The hunt is still on for suspects in the Manchester bombing, and members of attacker Salman Abedi’s network may still be at large, Britain’s interior minister said Sunday.
“The operation is still at full tilt,” Home Secretary Amber Rudd said. Police say that 1,000 people are working on the investigation, trying to track down bomber Salman Abedi’s accomplices and piece together his movements in the days before the attack.
“Until the operation is complete, we can’t be entirely sure that it is closed,” Rudd said.
Abedi, a 22-year-old Briton of Libyan descent, killed 22 people and himself on May 22 at an Ariana Grande concert. Police have 11 suspects in custody, including Abedi’s elder brother Ismail and have searched properties across the northwest England city. Another brother and Abedi’s father have been detained in Libya.
On Saturday, Britain lowered its official terrorism threat level from “critical” to “severe” after police said they had dismantled a large part of Abedi’s network.
Police have released surveillance-camera images of Abedi on the night of the attack and appealed for more information about his final days. They say he returned to Britain from Libya on May 18, and likely completed assembling his bomb at a rented apartment in central Manchester.
The images show Abedi in the hours before the attack, wearing sneakers, jeans, a dark jacket and a baseball cap. The straps of a knapsack are visible on his shoulders.
Security remained high at major events across Britain on Sunday, including the Great Manchester Run road race, where police armed with submachine guns protected participants and spectators.

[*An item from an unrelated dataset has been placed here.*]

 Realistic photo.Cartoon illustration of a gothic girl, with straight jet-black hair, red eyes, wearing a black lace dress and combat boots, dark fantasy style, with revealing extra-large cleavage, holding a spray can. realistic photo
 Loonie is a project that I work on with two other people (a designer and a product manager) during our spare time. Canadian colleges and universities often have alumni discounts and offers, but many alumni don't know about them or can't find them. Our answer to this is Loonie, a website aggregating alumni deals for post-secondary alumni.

The government is facing criticism after acknowledging that Abedi was on security services’ radar, but wasn’t a major focus of investigation.
Rudd said Sunday that intelligence agencies were monitoring 3,000 suspected extremists and had a wider pool of 20,000 people of interest.
“I would not rush to conclusions ... that they have somehow missed something,” Rudd said.
The family of one victim, 18-year-old Georgina Callander, said her life had been cut short by “evil, evil men prepared to ruin lives and destroy families.”
“I wish I could say that Georgina is one of the last to die in this way but unless our government opens its eyes we know we are only another in a long line of parents on a list that continues to grow,” the family said in a statement released through Greater Manchester Police.